Sort of. In practice, there just isn't that much use for
pointers to members, so there's really no need for a
particularly simple syntax. And the syntax for using pointers
to a data member isn't that bad, either, although I can see
people getting a bit bothered when pointers to member functions
are involved.

--
James Kanze (GABI Software) email:ja*********@gmail.com
Conseils en informatique orientée objet/
Beratung in objektorientierter Datenverarbeitung
9 place Sémard, 78210 St.-Cyr-l'École, France, +33 (0)1 30 23 00 34
Oct 14 '08 #9
Stephen Horne wrote:
On Tue, 14 Oct 2008 01:34:49 -0700 (PDT), James Kanze
<ja*********@gmail.comwrote:
>Sort of. In practice, there just isn't that much use for
pointers to members, so there's really no need for a
particularly simple syntax.

This from the guy who just declared that offsetof is only there for C
compatibility, and shouldn't be used.

OK - what's the alternative, then?

You give the impression of being someone who does serious work, and
has almost certainly worked on containers and other low-level
libraries. To hold these opinions, I can only guess that you're either
benefiting from the compiler-vendors I-can-but-you-can't clause, or
else you're one of the standards guys - quite possibly both.
Maybe James, like me, in many years of C++ development has never needed
pointers to members, or offsetof. Before you ask, most of my work has
been low level libraries.

--
Ian Collins
Oct 14 '08 #10
On Oct 14, 10:38*pm, Stephen Horne <sh006d3...@blueyonder.co.uk>
wrote:
On Tue, 14 Oct 2008 01:34:49 -0700 (PDT), James Kanze
<james.ka...@gmail.comwrote:
Sort of. *In practice, there just isn't that much use for
pointers to members, so there's really no need for a
particularly simple syntax.
This from the guy who just declared that offsetof is only
there for C compatibility, and shouldn't be used.
OK - what's the alternative, then?
What problem do they solve? I've used pointer to member
functions a couple of times, but never a pointer to a data
member.
You give the impression of being someone who does serious
work, and has almost certainly worked on containers and other
low-level libraries. To hold these opinions, I can only guess
that you're either benefiting from the compiler-vendors
I-can-but-you-can't clause, or else you're one of the
standards guys - quite possibly both.
Neither. I've just never found any need for pointers to a data
member. Nor offsetof. They're solutions looking for a problem.

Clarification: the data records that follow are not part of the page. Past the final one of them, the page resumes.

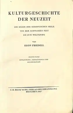 - Kulturgeschichte der Neuzeit. Die Krisis der europäischen Seele von der schwarzen Pest bis zum Weltkrieg. 3 Bde. Beck, München 1927–31. archive.org
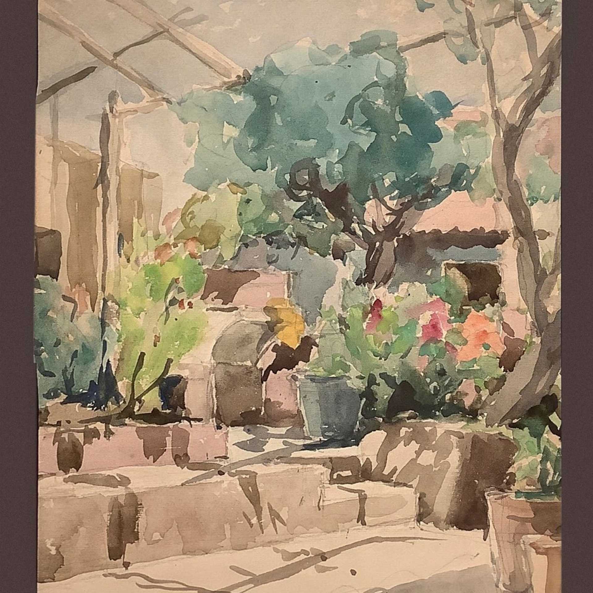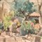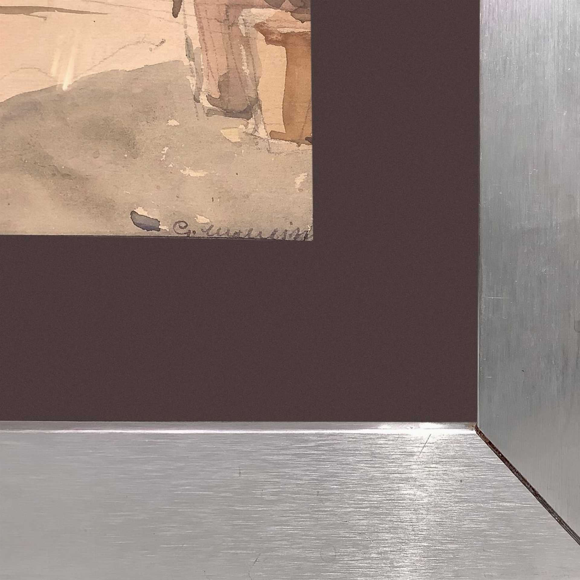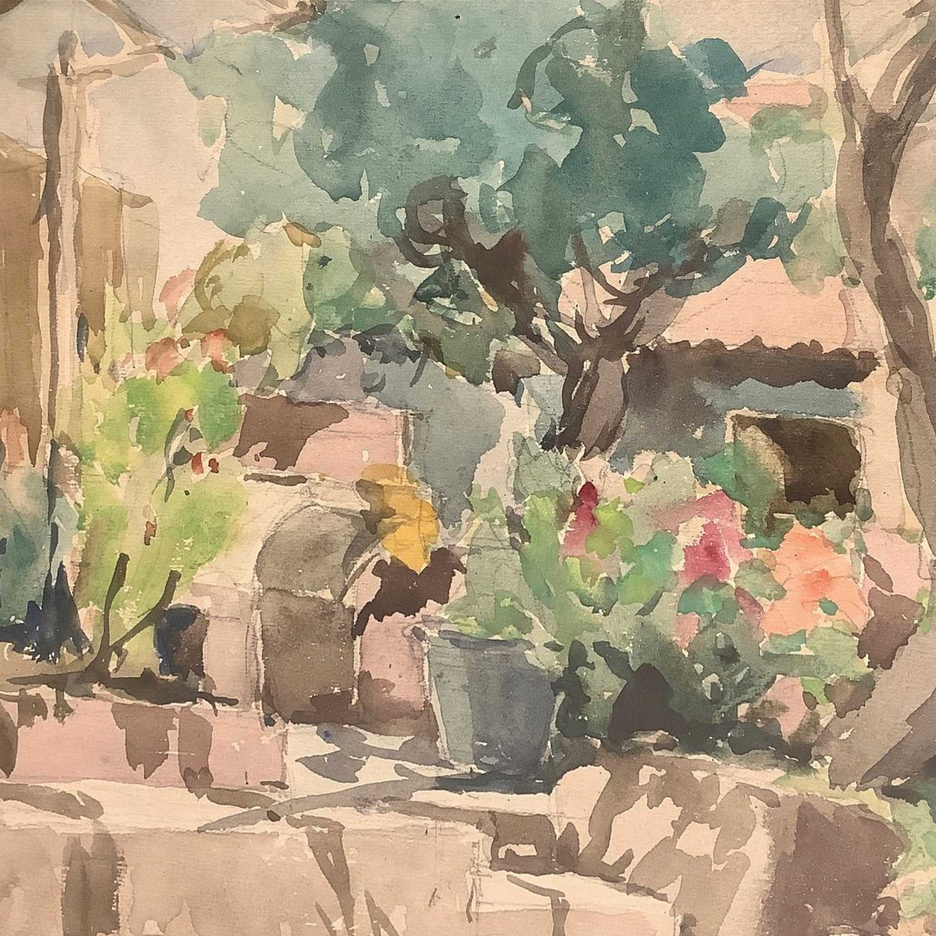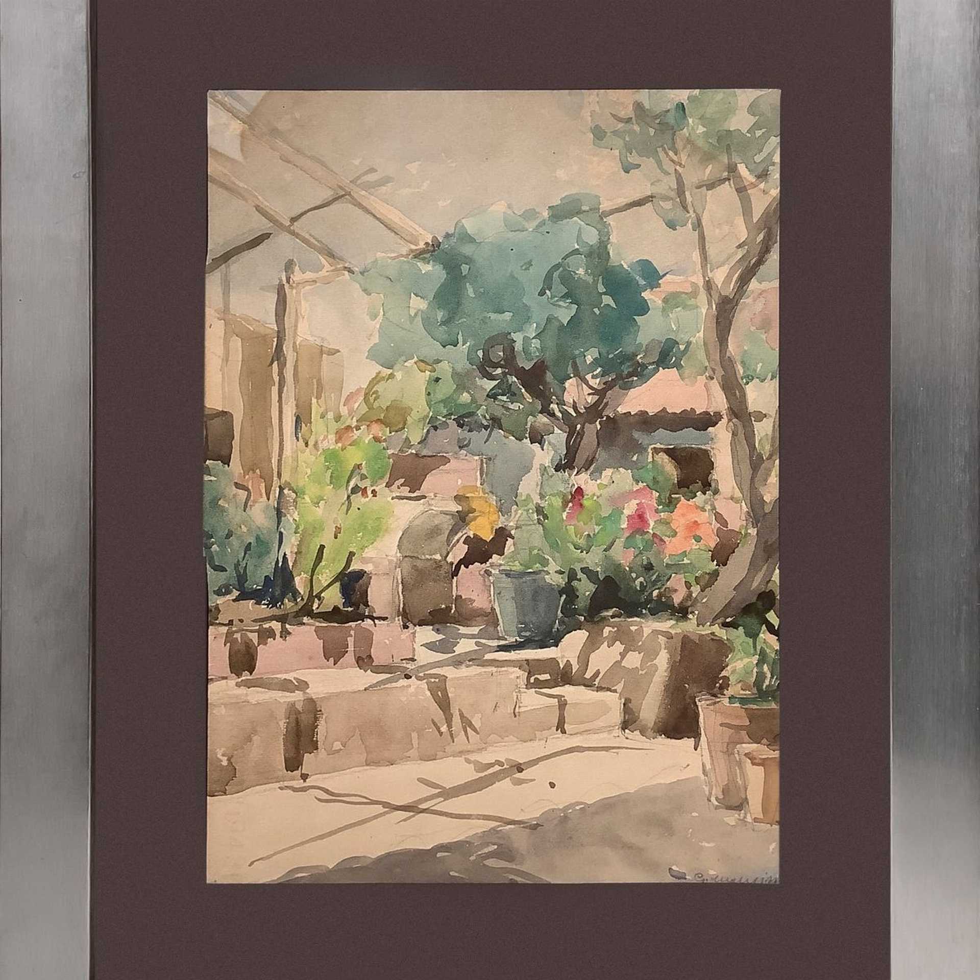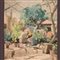 Terrazzo con vasi con fiori cm 32x23 Acquarello su carta Firmato G. Mancini.
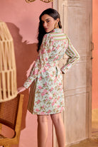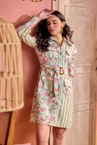 Dainty flower print and pastel stripped button down dress, finely crafted and finished with pipping trims all across dress. It's a must have for summer brunch and vacation friendly.
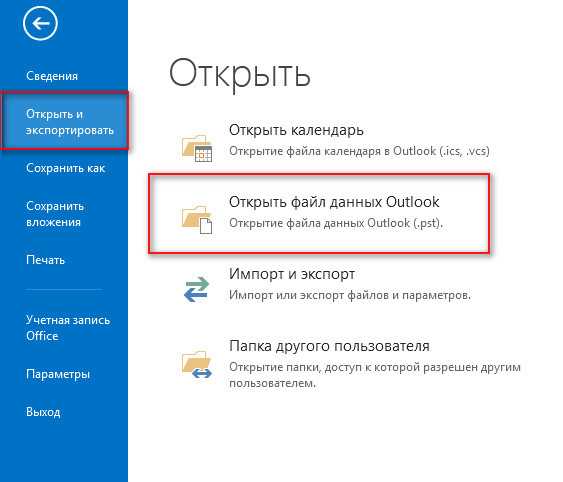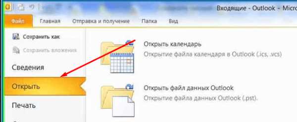 Теперь чтобы подключить два архивных файла в программе Outlook переходим в пункт Файл – вкладка Открыть и экспортировать – Открыть файл данных Outlook (.pst)
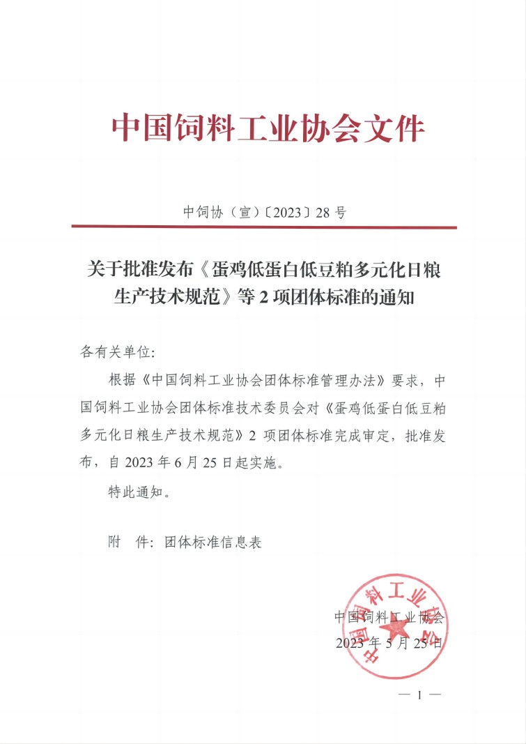 關于批準發布《蛋雞低蛋白低豆粕多元化日糧生產技術規范》等兩項技術標準的通知.pdf
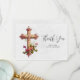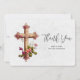 Thank you card with a pretty illustration featuring a simple wooden cross covered in pink flowers and green leaves.
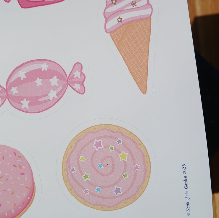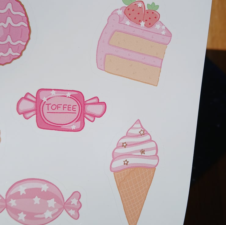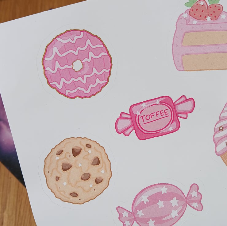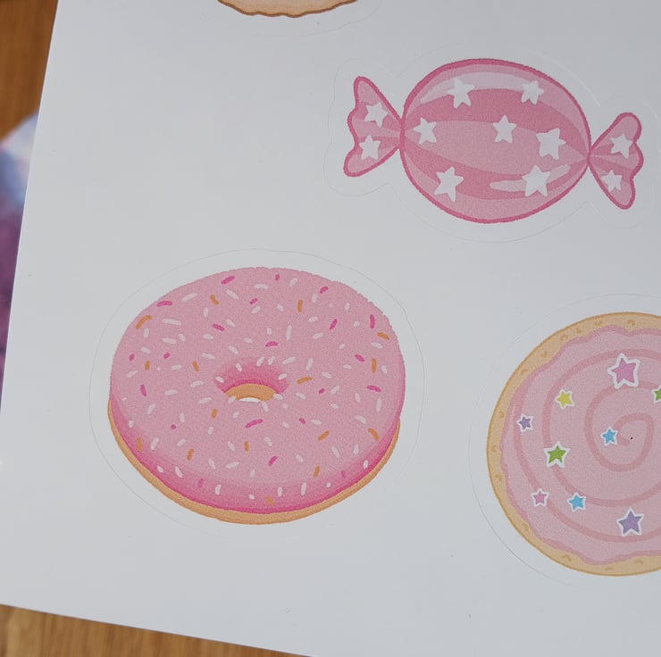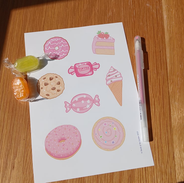 Pretty and pink, this sticker sheet is for anyone with a sweet tooth! All eight designs have been hand drawn by me, and are perfect for decorating journals, sketch books or planners, or for crafting.
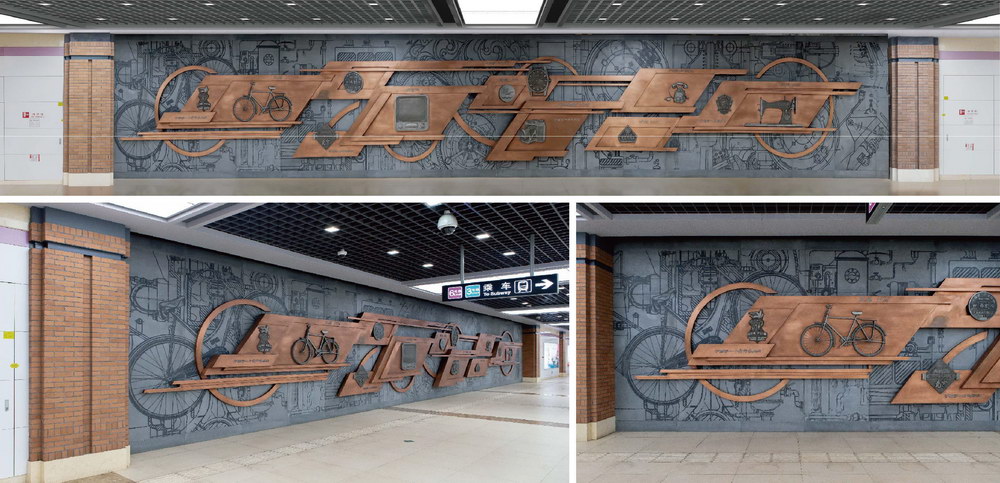地鐵六號(hào)線工業(yè)文化主題站-紅旗南站《輕工杰作-引領(lǐng)時(shí)代》浮雕墻
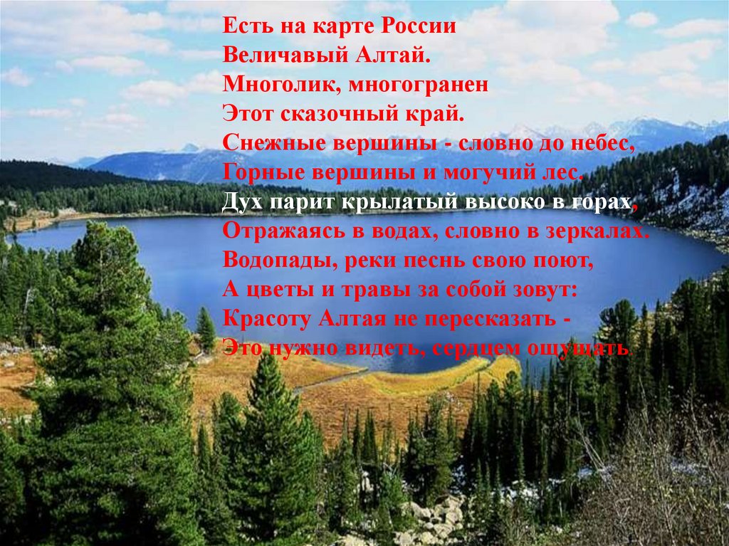 Красоту Алтая не пересказать Это нужно видеть, сердцем ощущать.
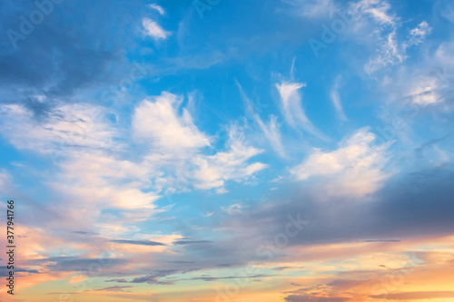 Fototapeta premium Evening sky frame with cirrus clouds at sunset.
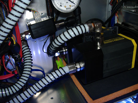 Grundlage ist der Aquainlet, der auf die Pumpe aufgeschoben wird und mittels zwei O-Ringen auf der Pumpe sitzt.

And FWIW, I've implemented a full C standard library, and
several pre-standard container libraries for C++. I've also
implemented marshalling/demarshalling code for low-level data
communications, persistency and the like. And memory management
(globale operator new()/operator delete()). I have needed some
non-standard features: open(),read(),write(),close(), etc. for
my implementation of <stdio.h>, sbrk() for my implementation of
malloc/free (this was before mmap() was an option), etc. Even
today, I need non-standard features for some of my work.

There are some important features which are missing in C++. The
possibility to specify alignment, for example. (I actually
wrote a proposal for this for the C90 standard, but I think I
submitted it a bit too late.) And some support for full data
synchronization in the standard library; I can't use fstream for
persistency because of this. More generally, the absence of
garbage collection means I have to write a lot of code which
would otherwise be unnecessary.

I can't see any need for offsetof, however.

--
James Kanze (GABI Software) email:ja*********@gmail.com
Conseils en informatique orientée objet/
Beratung in objektorientierter Datenverarbeitung
9 place Sémard, 78210 St.-Cyr-l'École, France, +33 (0)1 30 23 00 34
Oct 14 '08 #11
Stephen Horne wrote:
On Tue, 14 Oct 2008 15:58:15 -0700 (PDT), James Kanze
<ja*********@gmail.comwrote:
>Why should you have the right to find the offset of a data
member, period?

Because without it, C++ is not fit for purpose, period.
Cutting though the waffle, why?

I've been using C++ for everything from drivers to libraries to GUIs as
a major part of my day job for many years and I've never had cause to
find the offset of a data member.

--
Ian Collins
Oct 15 '08 #12
On Wed, 15 Oct 2008 14:50:35 +1300, Ian Collins <ia******@hotmail.com>
wrote:
>Stephen Horne wrote:
>On Tue, 14 Oct 2008 15:58:15 -0700 (PDT), James Kanze
<ja*********@gmail.comwrote:
>>Why should you have the right to find the offset of a data
member, period?

Because without it, C++ is not fit for purpose, period.
Cutting though the waffle, why?

I've been using C++ for everything from drivers to libraries to GUIs as
a major part of my day job for many years and I've never had cause to
find the offset of a data member.
Search for "thin wrapper" in the post.

Oct 15 '08 #13
Stephen Horne wrote:
On Tue, 14 Oct 2008 15:58:15 -0700 (PDT), James Kanze
<ja*********@gmail.comwrote:
>>>In some cases of inheritance (particularly where virtual
inheritance is involved), the layout is dynamically defined;
I can see that there is a potential problem with a macro
expansion implementation (rather than GCCs wrapper approach)
to offsetof, since doing the field reference would access the
virtual table/whatever of an object that doesn't exist.
Even so, the layout of the class isn't dynamically defined,
it's just dynamically accessed.
Sorry, but when virtual inheritance is involved, it's
dynamically defined. At least with all of the compilers I know,
and I don't think it's possible to implement it otherwise.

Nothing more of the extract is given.